▶ Problem to solve
Transcribe, word for word, all of the entries below, and exclude any pictures from the copy.

[Available data]

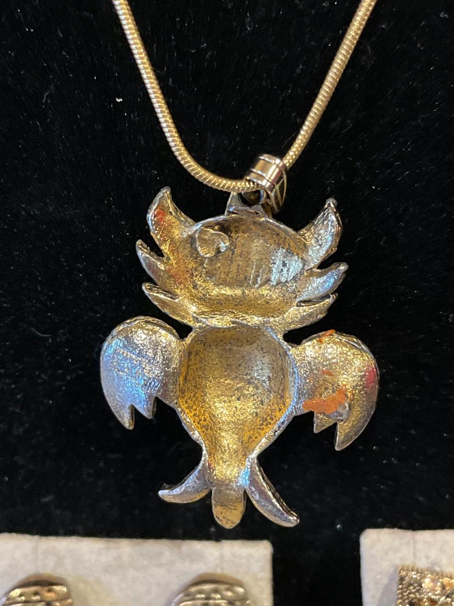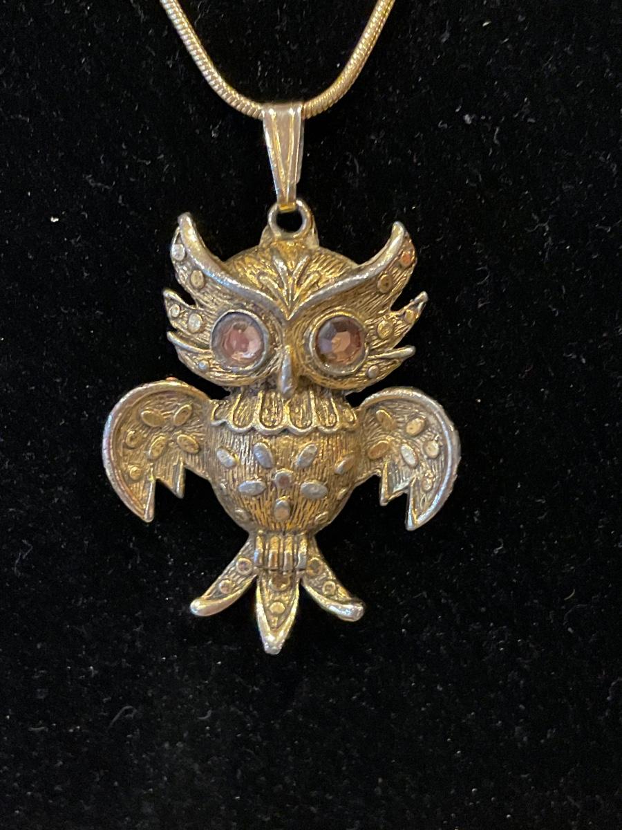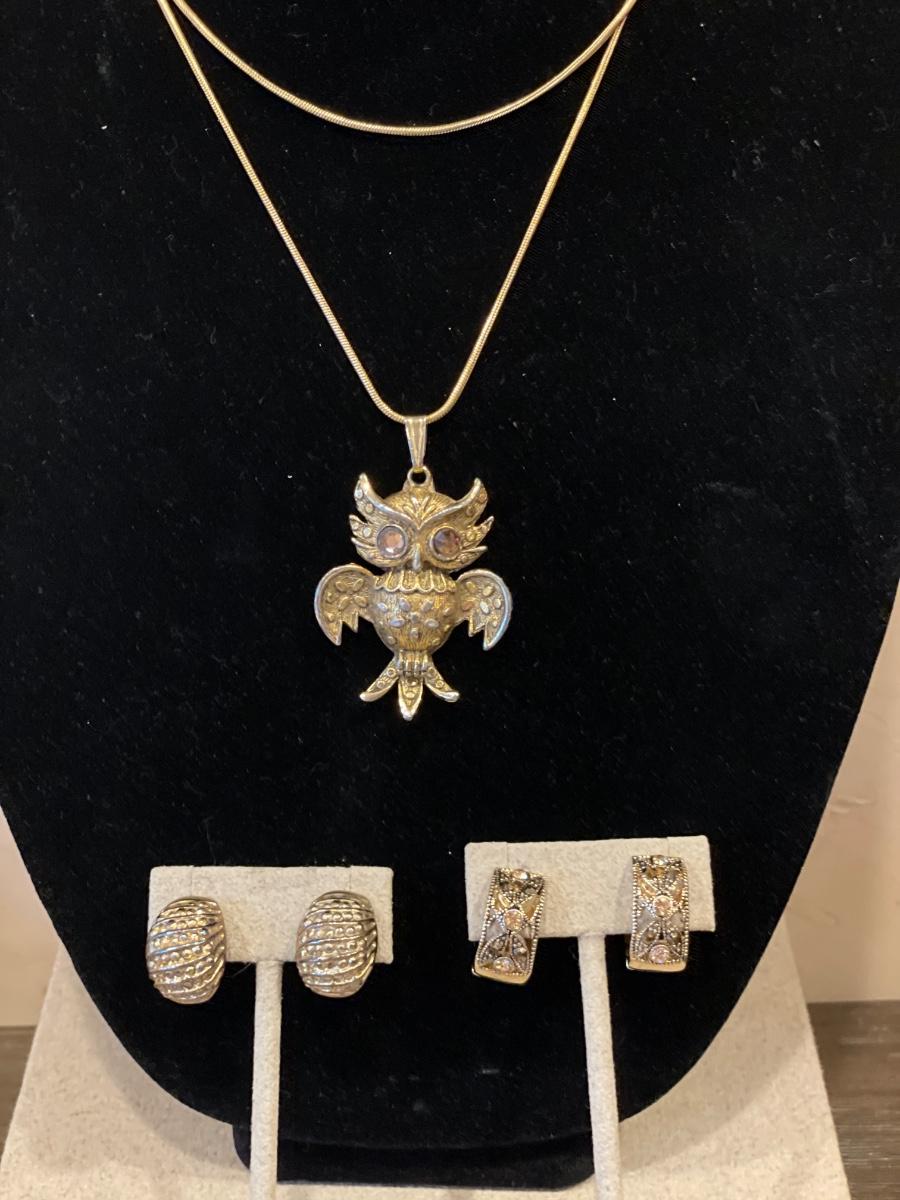 Vintage owl necklace and clip on earrings
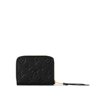 The Zippy coin purse is crafted from supple Monogram Empreinte leather, embossed with the iconic Monogram pattern. This model is small enough to fit into almost any pocket or bag, yet large enough to hold cards and folded bills as well as change. Its all-round zip is finished with an LV-engraved pull. Detailed Features - Black - Monogram Empreinte embossed supple grained cowhide leather - Supple grained cowhide-leather trim - Grained cowhide-leather lining - Gold-color hardware - Zip closure - 2 large gusseted compartments - 2 inside flat pockets - Business card slot - 4 card slots - The reference is either made in France, Spain, Italy or in the US. Length: 4.3 inches Height: 3.3 inches Width: 0.8 inches
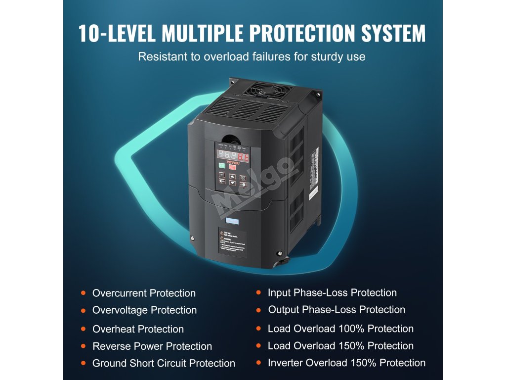 Naše VFD jsou vybaveny inteligentním ochranným systémem, který zajišťuje bezpečnost proti nadproudu, přetížení, přepětí a ztrátě fáze. Je vyroben převážně z nehořlavého ABS, což zajišťuje vysoký výkon a kvalitu uvnitř a poskytuje vám klid při používání.
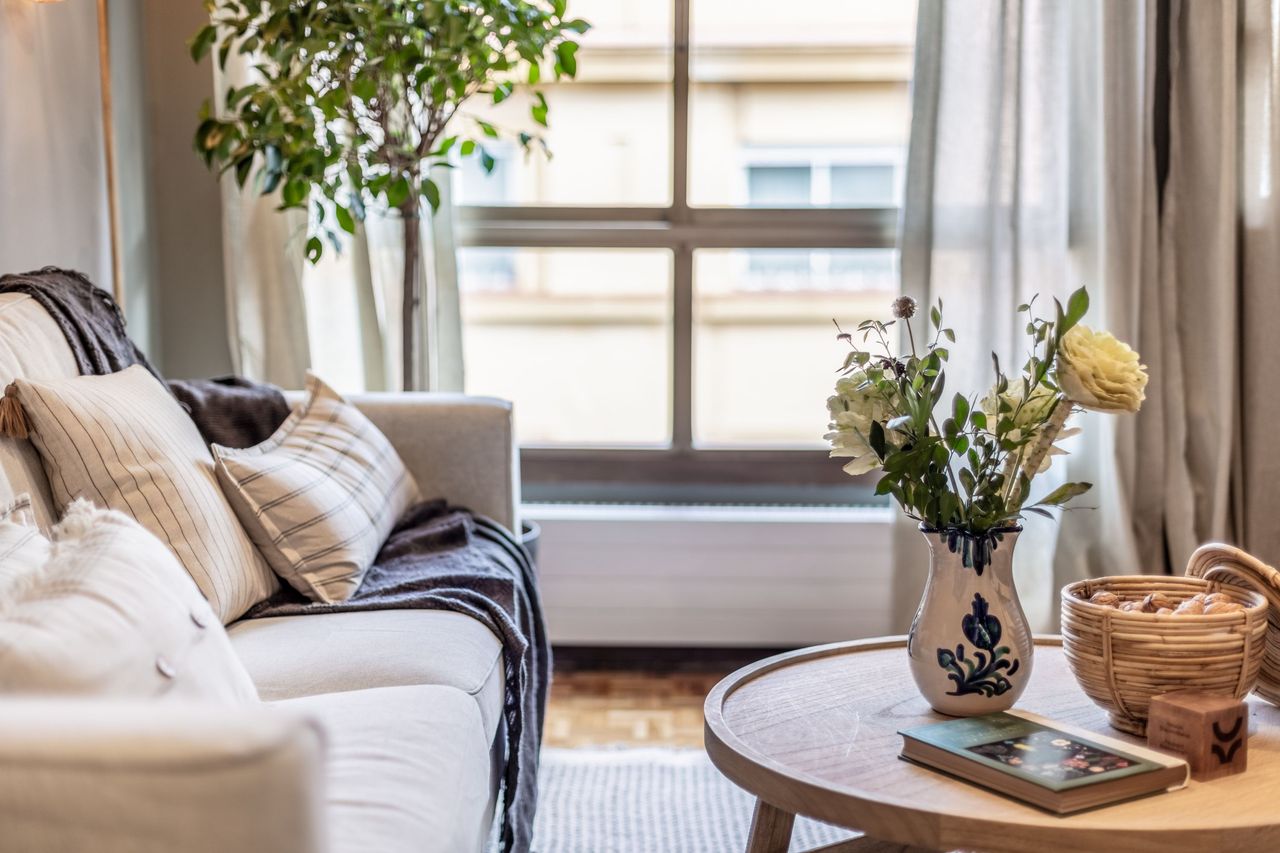 This 75 square meter apartment combines rustic materials with modern finishing to create a unique grassland design. Located in Madrid’s hip and historic Almagro neighborhood, the property features 1 bedroom and 2 bathrooms. The bedroom includes a queen-sized bed, a bright window, and large storage, with a dedicated office space separated by a retractable wooden door. The open-plan living, dining, and kitchen area is decorated with dried plants and comes fully equipped with all necessary applianc...
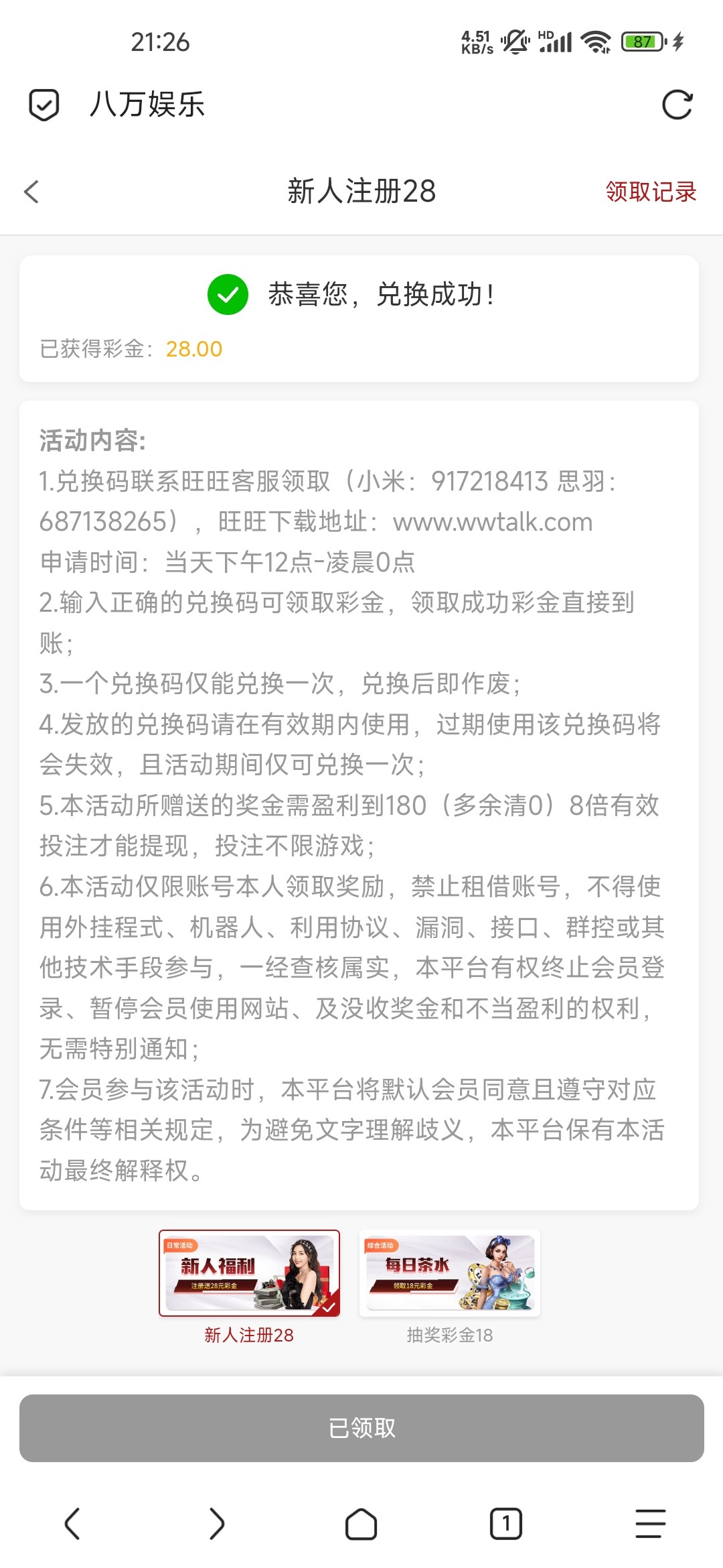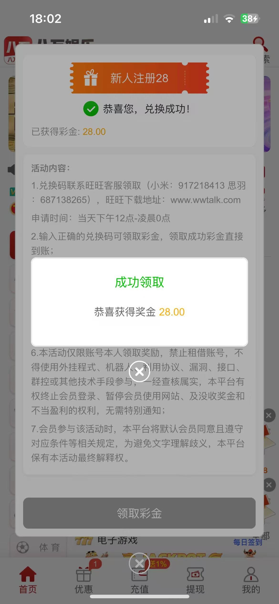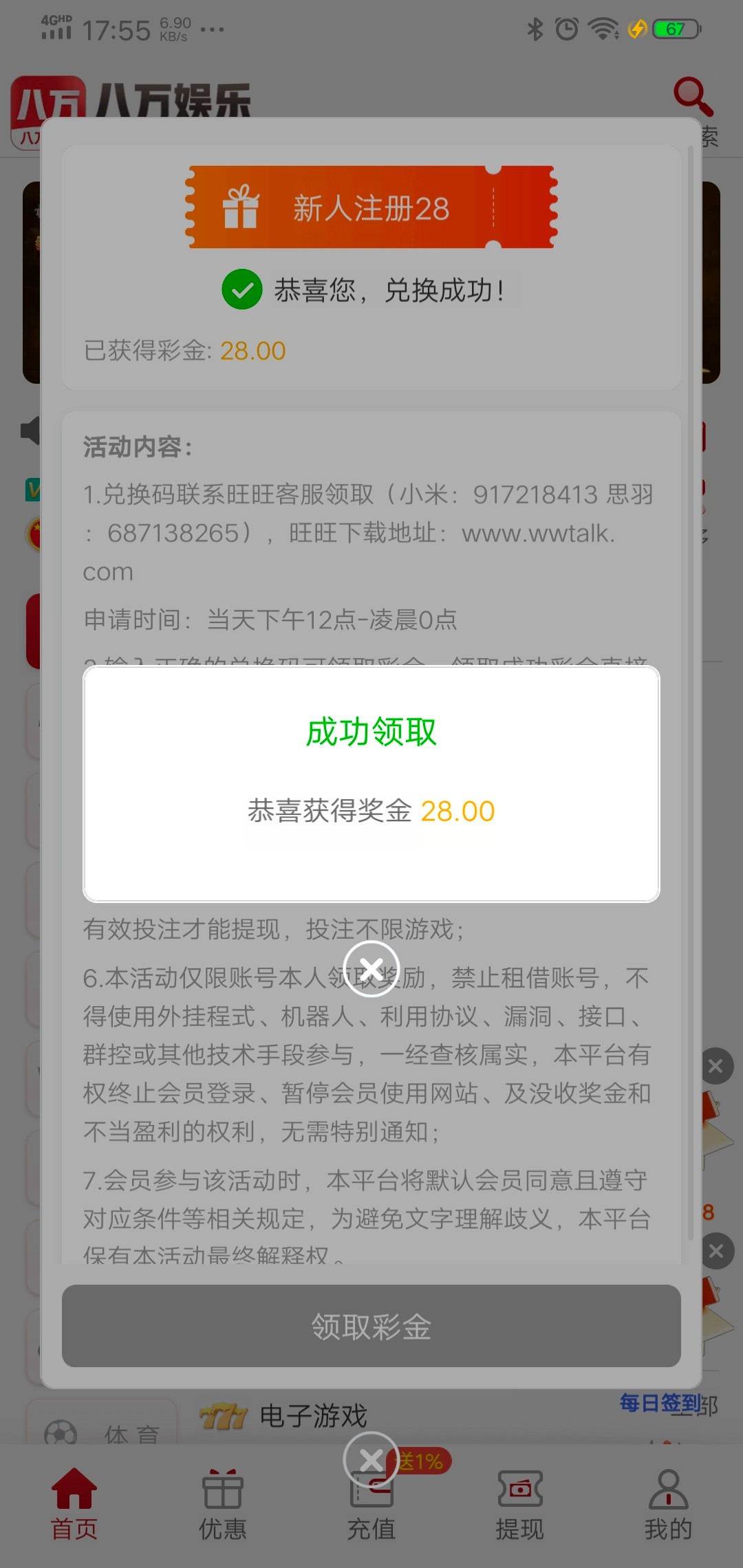 活动解除,但是可以打广告申请 我是送了 去玩AG电子一飞冲天 十分钟上了181 直接提了,五分钟左右秒到了
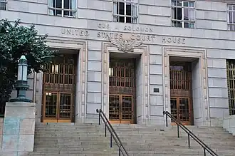 After completion, the building housed both the United States District Court for the District of Oregon and the United States Court of Appeals for the Ninth Circuit Portland duty station.[3] The Ninth Circuit moved to the nearby Pioneer Courthouse in 1973, and the District Court left for the new Hatfield Federal Courthouse in 1997.[3] In 1988, the courthouse was renamed in honor of judge Gus J. Solomon after he died in 1987.[3][5] In 1979, the courthouse was added to the National Register of Historic Places. Until 1984 the building also housed a post office on the first floor and in the basement.[2] This space was then remodeled for use by the District Court.[2] In 2004, with the remodeling of the Pioneer Courthouse and removal of the post office at that location, a postal branch was re-opened at the Solomon Courthouse.[6] In the mid-1990s the Multnomah County Court explored the possibility of leasing the courthouse from the federal government to use in addition to the Multnomah County Courthouse, but the plans were later canceled.[4]
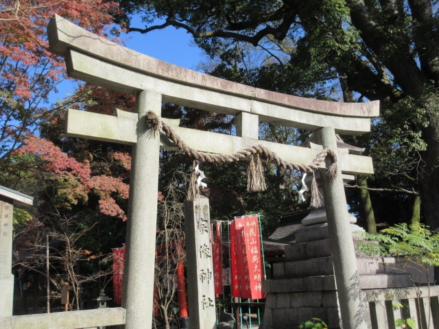 京都御苑の敷地内にある神社の一つです。場所は京都御苑の西南にあたる場所なので、裏鬼門を守る重要な神社です。石の鳥居を抜けると本殿があり、檜皮葺で立派な屋根でした。境内は広すぎないので参拝しやすいです。紅葉した木々とはためく旗の色合いがきれいでした。
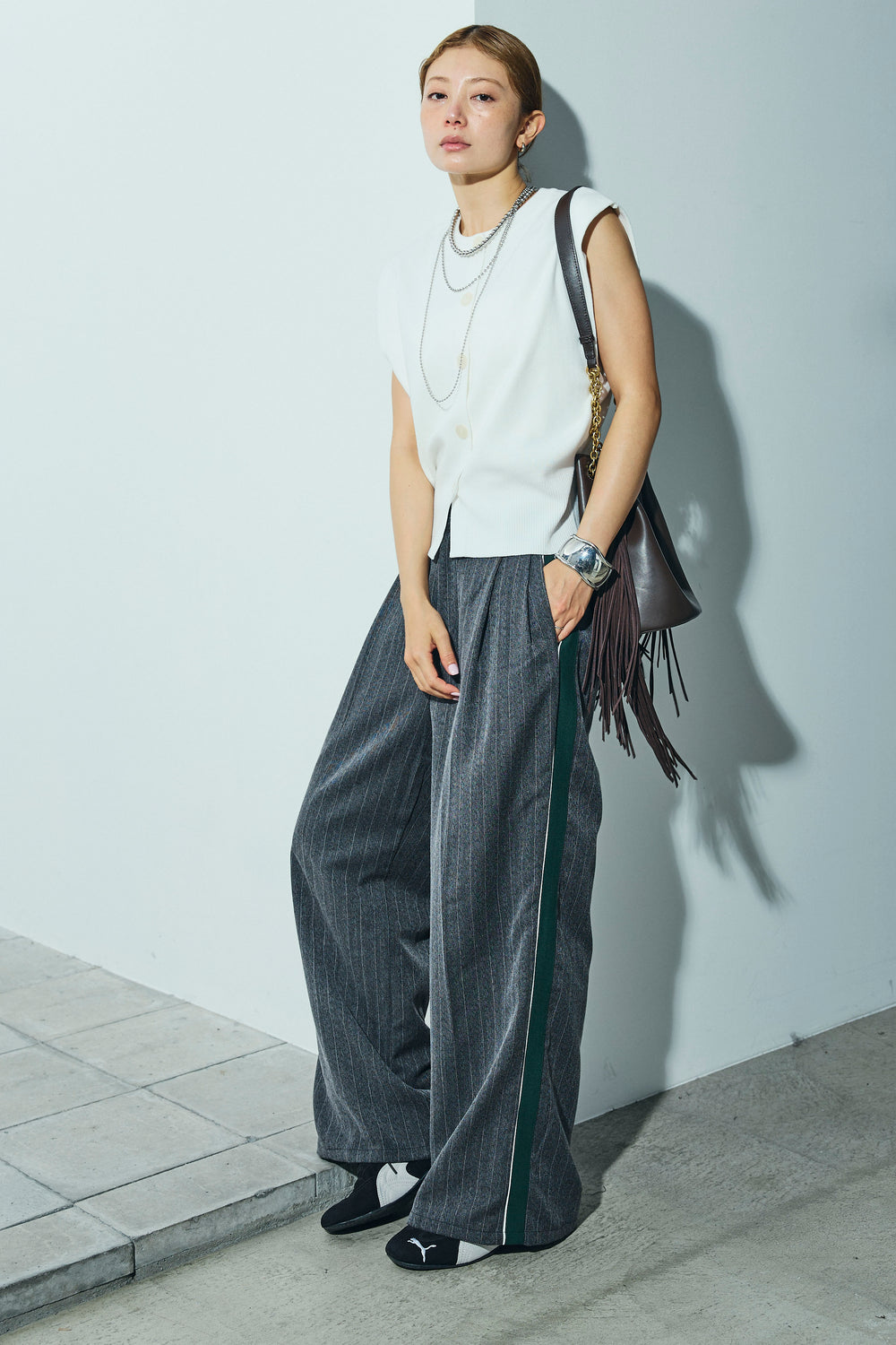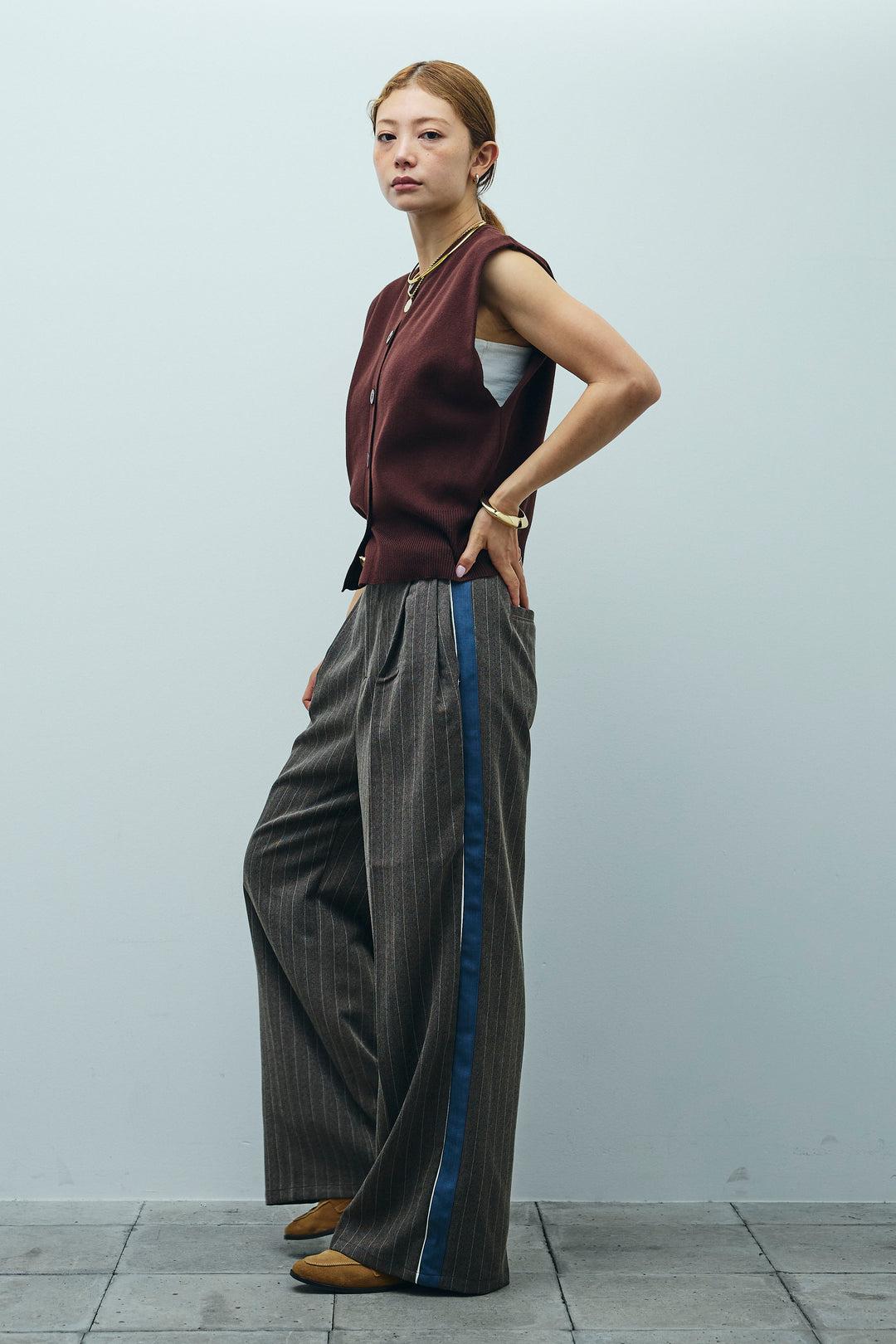 [予約/SET]ボクシーニットベスト+ピンストライプサイドラインワイドパンツ(2set)

[/Available data]

▶ Written answer
 Vintage owl necklace and clip on earrings
 The Zippy coin purse is crafted from supple Monogram Empreinte leather, embossed with the iconic Monogram pattern. This model is small enough to fit into almost any pocket or bag, yet large enough to hold cards and folded bills as well as change. Its all-round zip is finished with an LV-engraved pull. Detailed Features - Black - Monogram Empreinte embossed supple grained cowhide leather - Supple grained cowhide-leather trim - Grained cowhide-leather lining - Gold-color hardware - Zip closure - 2 large gusseted compartments - 2 inside flat pockets - Business card slot - 4 card slots - The reference is either made in France, Spain, Italy or in the US. Length: 4.3 inches Height: 3.3 inches Width: 0.8 inches
 Naše VFD jsou vybaveny inteligentním ochranným systémem, který zajišťuje bezpečnost proti nadproudu, přetížení, přepětí a ztrátě fáze. Je vyroben převážně z nehořlavého ABS, což zajišťuje vysoký výkon a kvalitu uvnitř a poskytuje vám klid při používání.
 This 75 square meter apartment combines rustic materials with modern finishing to create a unique grassland design. Located in Madrid’s hip and historic Almagro neighborhood, the property features 1 bedroom and 2 bathrooms. The bedroom includes a queen-sized bed, a bright window, and large storage, with a dedicated office space separated by a retractable wooden door. The open-plan living, dining, and kitchen area is decorated with dried plants and comes fully equipped with all necessary applianc...
 活动解除,但是可以打广告申请 我是送了 去玩AG电子一飞冲天 十分钟上了181 直接提了,五分钟左右秒到了
 After completion, the building housed both the United States District Court for the District of Oregon and the United States Court of Appeals for the Ninth Circuit Portland duty station.[3] The Ninth Circuit moved to the nearby Pioneer Courthouse in 1973, and the District Court left for the new Hatfield Federal Courthouse in 1997.[3] In 1988, the courthouse was renamed in honor of judge Gus J. Solomon after he died in 1987.[3][5] In 1979, the courthouse was added to the National Register of Historic Places. Until 1984 the building also housed a post office on the first floor and in the basement.[2] This space was then remodeled for use by the District Court.[2] In 2004, with the remodeling of the Pioneer Courthouse and removal of the post office at that location, a postal branch was re-opened at the Solomon Courthouse.[6] In the mid-1990s the Multnomah County Court explored the possibility of leasing the courthouse from the federal government to use in addition to the Multnomah County Courthouse, but the plans were later canceled.[4]
 京都御苑の敷地内にある神社の一つです。場所は京都御苑の西南にあたる場所なので、裏鬼門を守る重要な神社です。石の鳥居を抜けると本殿があり、檜皮葺で立派な屋根でした。境内は広すぎないので参拝しやすいです。紅葉した木々とはためく旗の色合いがきれいでした。
 [予約/SET]ボクシーニットベスト+ピンストライプサイドラインワイドパンツ(2set)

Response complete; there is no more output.